Interim Final Rule would disproportionately target oncologists and reduce patient access to current and future treatments.
Washington, DC, November 24, 2020 –(PR.com)– The US Oncology Network – one of the nation’s largest and most innovative networks of community-based oncology physicians – today expressed deep concerns with the Trump Administration’s announced “most favored nation” (MFN) payment model for Medicare Part B drugs. The mandatory seven-year MFN model, scheduled to take effect in just over a month, without any opportunity for meaningful public comment, could fundamentally impact patient access to anti-cancer drugs while putting additional burdens on community providers. As finalized, the MFN model will impact virtually all community oncology providers as over half of the MFN model drugs are used in the treatment of cancer – many of which have no equivalent alternative available.
“Efforts to reduce drug spending are laudable but a mandatory program encompassing 100% of the country and disproportionately targeting oncology treatments is not a test, by any definition. Even more egregious, CMS’ own actuaries actually predict that patients will lose access to treatment under this model,” said Dr. Lucy Langer, Chair of The Network’s National Policy Board.

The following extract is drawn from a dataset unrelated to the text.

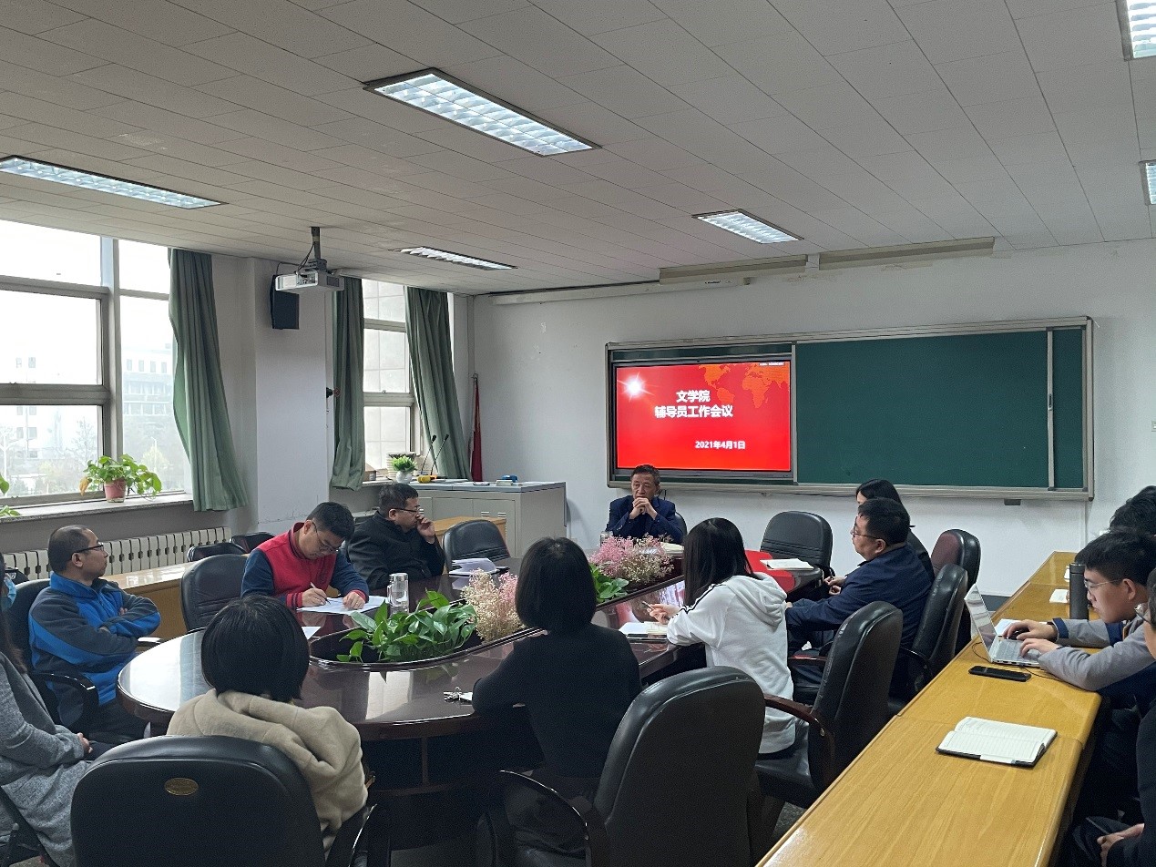 会议室召开辅导员工作会议,全体辅导员参加,会议由党委书记强汾生主持。

At the core of this model, oncologists may be forced to pay more for drugs than the Medicare reimbursement they receive. This dangerous approach will force providers to decide between withholding the standard of care or accepting unsustainable financial losses for these “underwater” drugs.
The Network also has serious reservations about the model’s alternative add-on payment for physicians. According to CMS’ own estimate, the model will not “keep providers whole” as previously promised by HHS Secretary Alex Azar. In fact, the negative financial impact of the model on cancer providers will likely exacerbate consolidation trends amongst community oncology practices, either eliminating access or pushing patients into more costly settings of care. This reckless move comes at a time when cancer treatments have already dropped drastically and all healthcare providers are being stretched thin due to the COVID-19 pandemic.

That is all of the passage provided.